Rahasia Taylor Swift Suka Tebar Easter Egg di Musiknya, Strategi Kreatif yang Jadi Tradisi Swifties

Ket. Taylor Swift ungkap tanggal rilis dan sampul album 'The Life of a Showgirl'

Doc: ABC

JAKARTA, KUCANTIK.COM – Taylor Swift bukan hanya dikenal sebagai penyanyi dan penulis lagu berbakat, tetapi juga sebagai mastermind di balik teka-teki tersembunyi yang kerap hadir dalam setiap karyanya. Fenomena ini dikenal sebagai easter egg, pesan atau petunjuk tersembunyi yang membuat penggemar semakin penasaran dan terlibat dalam proses menikmati musiknya.

Dalam wawancara terbarunya di podcast New Heights, Taylor Swift mengungkap alasan di balik kebiasaannya menyisipkan easter egg. Ia menjelaskan bahwa petunjuk-petunjuk tersebut bukan sekadar gimmick, tetapi merupakan bagian dari rencana kreatifnya. “Petunjuk itu selalu tentang musik atau rencana yang sedang saya siapkan,” ujar Taylor, dikutip dari Yahoo! News, Jumat (15/8).

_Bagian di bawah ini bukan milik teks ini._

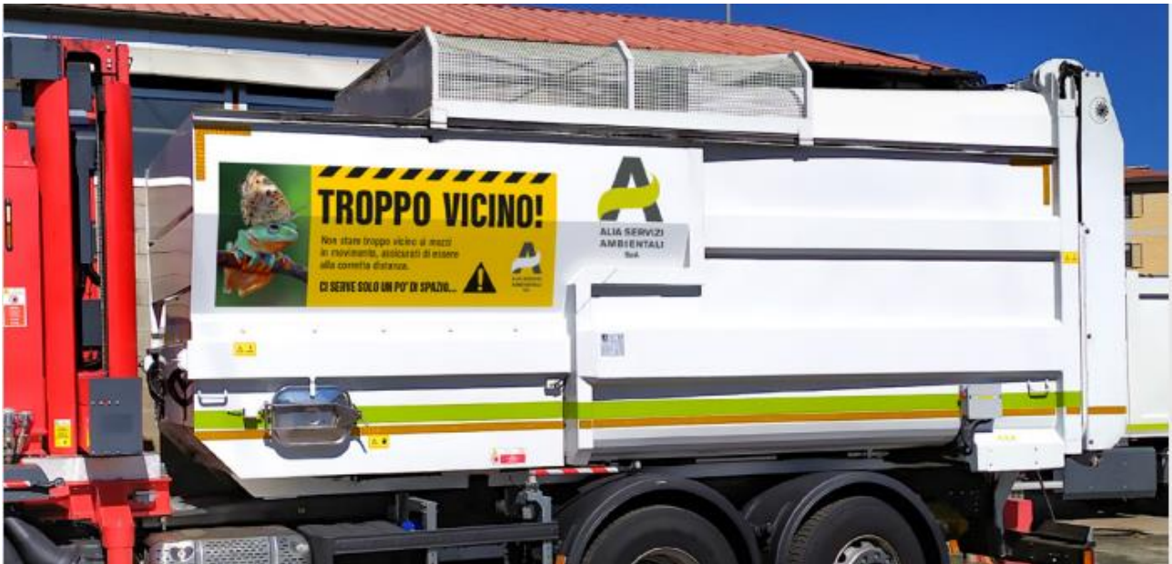
Adesivo lato sinistro (215 x 85 cm)
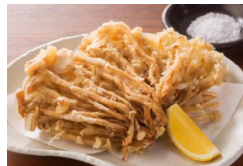
味えのき扇揚げ 480 円 (税抜)
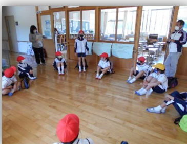
すこやかチーム結成式

とても楽しみにしていた校外学習。全校生で、ホテルと文化の里運動公園をめざしました。すこやかチームでウォークラリーをしながら歩きました。また、この日は1回目の「マイランチの日」でした。自分でお弁当を作る喜びを味わうとともに、食への興味関心がもてたことと思います。どの子もうれしそうにお弁当を食べていました。ご理解とご協力ありがとうございました。
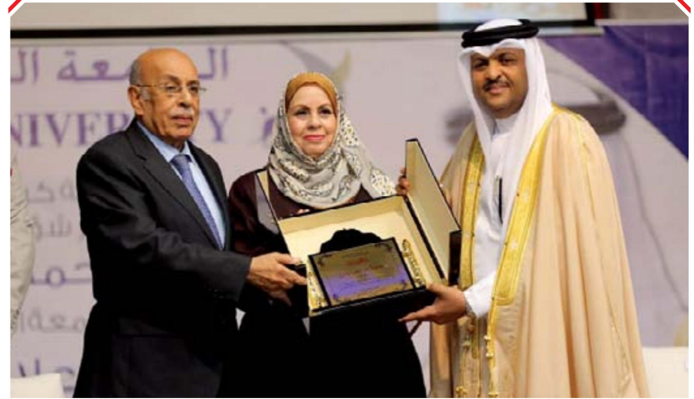
الجامعة الخليجية تكرم وكيل وزارة الإعلام في الملتقى الإعلامي
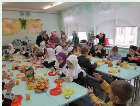
Корбан бэйрәме мөбэрәк булсын!
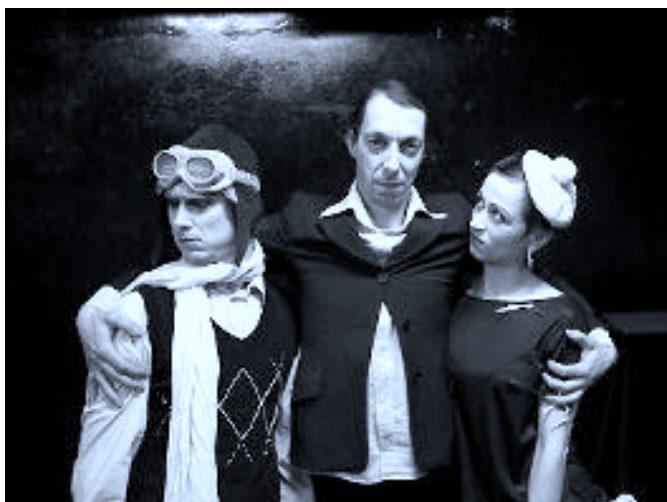
Lakomec – geisslers

Přijímáme pozvání do divadla a nejen na komedie kvůli špatné náladě, ale protože je to báječná příležitost odejít od blikajících obrazovek a spolu s přáteli se vydat na výlet do poetického a živého světa, kde lidé o cosi usilují, kde se snaží hledat souvislosti a kde se snaží změnit svět kolem sebe. Tradiční letní suchdolský festival je neodolatelná nabídka nevšedních prožitků pro každého bez ohledu na velikost vlastních starostí. Těším se opět na setkání s Vámi v našem letním divadle.
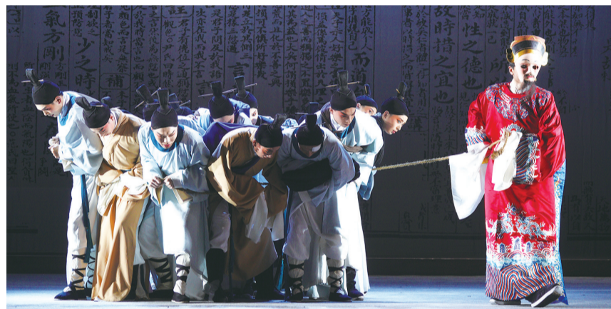
闽剧《画网巾先生》舞台照(资料图)

Taylor menegaskan bahwa ia tidak pernah menaruh easter egg yang berkaitan langsung dengan kehidupan pribadinya. Fokusnya tetap pada karya, dan ia ingin para Swifties, sebutan untuk para penggemarnya untuk merasakan sensasi ketika menyadari makna tersembunyi di balik lirik atau simbol yang ia tanamkan.

Contoh nyata dari strategi ini adalah kalimat "breathe in, breathe through, breathe deep, breathe out" yang diucapkan Taylor dalam pidato kelulusannya di NYU pada 2022. Kalimat tersebut ternyata menjadi bagian dari lirik lagu “Labyrinth” dalam album Midnights yang dirilis beberapa bulan setelahnya. Momen seperti ini membuat para penggemar kembali menelusuri rekam jejak Taylor untuk mencari petunjuk lain yang mungkin terlewat.

Saya suka numerologi. Saya suka hal-hal yang berbau matematika. Saya suka tanggal. Menurut saya, semua itu sangat menyenangkan,” tambah Taylor mengenai obsesinya pada detail-detail tersembunyi.

Kini, dengan pengumuman album ke-12 bertajuk The Life of a Showgirl yang akan dirilis pada 3 Oktober 2025, para penggemar pun kembali dibuat sibuk. Berbagai teori bermunculan, dari analisis font, warna, hingga caption media sosial Taylor yang dianggap menyimpan makna.

Album ini juga menandai reuni Taylor dengan dua produser andalannya, Max Martin dan Shellback, yang sebelumnya sukses memproduksi lagu-lagu ikonik seperti “22”, “Shake It Off”, dan “Blank Space.” Kali ini, mereka bertiga akan menggarap seluruh album tanpa kolaborator lain. “Kami belum pernah membuat album hanya bertiga seperti ini. Ini sangat fokus,” ungkap Taylor.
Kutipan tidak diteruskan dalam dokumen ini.